Citigroup Mortgage Loan Trust Inc. ("Citigroup Mortgage" or the "Depositor") is a Delaware corporation formed for the purpose of acquiring, owning and transferring mortgage loan assets and selling interests in them. Citigroup Mortgage is an affiliate of Citigroup Global Markets Inc. ("Citigroup Global"). The issuers of the various offerings (the "Defendant Issuers") are the Trusts identified in 1112, established by Citigroup Mortgage to issue billions of dollars worth of Certificates in 2007.
According to the Complaint originally filed on March 19, 2008, in the Supreme Court of the State of New York, this is a securities class action on behalf of all persons or entities who acquired the Mortgage Pass-Through Certificates and Asset-Backed Pass-Through Certificates (collectively, the "Certificates") of Citigroup Mortgage pursuant and/or traceable to the false and misleading Registration Statement and Prospectus Supplements issued during 2007 (collectively, the "Registration Statement"). This action involves solely strict liability and negligence claims brought pursuant to the Securities Act of 1933 ("1933 Act").
On December 12, 2006, Citigroup Mortgage and the Defendant Issuers caused a Registration Statement to be filed with the Securities and Exchange Commission ("SEC") in connection with and for the purpose of issuing billions of dollars of Certificates. The Certificates were issued pursuant to Prospectus Supplements, each of which was incorporated into the Registration Statement. The Certificates were supported by pools of mortgage loans. The Registration Statement represented that the mortgage pools would primarily consist of loans generally secured by liens on residential properties, including conventional and adjustable-rate mortgage loans.

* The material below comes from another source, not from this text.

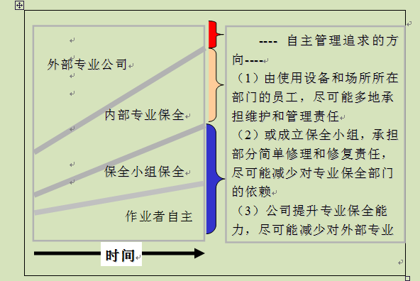 图2-2是某世界500强生产企业自主管理活动的规划示意图。其目的是通过鼓励一线作业者自主参与、构建部门保全小组、提高公司内部专业保全能力等一系列活动,不断减少对外部专业保全公司的依赖。

Investors purchased the Certificates based upon three primary factors: return (in the form of interest payments), timing of principal and interest payments, and safety (risk of default of the underlying mortgage loan assets). The Registration Statement included false statements and/or omissions about: (i) the underwriting standards purportedly used in connection with the origination of the underlying mortgage loans; (ii) the maximum loan-to-value ratios used to qualify borrowers; (iii) the appraisals of properties underlying the mortgage loans; and (iv) the debt-to-income ratios permitted on the loans.
As a result, the Certificates sold to Plaintiff and the Class were secured by assets that had a much greater risk profile than represented in the Registration Statement. In this way, Defendants were able to obtain superior ratings on the tranches or classes of Certificates, when in fact these tranches or classes were not equivalent to other investments with the same credit ratings.
By the Fall of 2007, the truth about the performance of the mortgage loans that secured the Certificates began to be revealed to the public, increasing the risk of the Certificates receiving less absolute cash flow in the future and the likelihood that investors would not receive it on a timely basis. The credit rating agencies also began to put negative watch labels on the Certificate tranches or classes, ultimately downgrading many. As an additional result, the Certificates are no longer marketable at prices anywhere near the price paid by Plaintiff and the Class and the holders of the Certificates are exposed to much more risk with respect to both the timing and absolute cash flow to be received than the Registration Statement/Prospectus Supplements represented.
On April 7, 2008, the case was transferred from the Supreme Court of the State of New York to the U.S. District Court for the Eastern District of New York.
On March 26, 2009, Judge Leonard D. Wexler granted the motion to appoint the City of Ann Arbor Employees' Retirement System and the Greater Kansas City Laborers Pension Fund as lead Plaintiff and approved the selection of Coughin Stoia Geller Rudman & Robbins LLP as lead Counsel. On April 6, 2009, an Amended Complaint was filed with the court. On October 30, 2009, the Defendants filed a motion to dismiss.
On April 06, 2010, the Court issued a Memorandum and Order granting in part and denying in part the Defendants Motion to Dismiss
On May 24, 2010, a Second Amended Complaint for Violation of §§11, 12 and 15 of the Securities Act of 1933 was filed against the Defendants.
On December 12, 2010, the Court issued an Order and Memorandum denying the Defendant's motion to dismiss the Second Amended Complaint.
On August 28, 2012, the Court issued an Order Preliminarily Approving Settlement and Providing for Notice.
On December 5, 2012, the Court issued an Order Approving Plan of Allocation of Settlement Proceeds. In addition, the Court also issued an Order awarding attorneys' fees and expenses. Finally, the Court entered a Final Order and Judgment.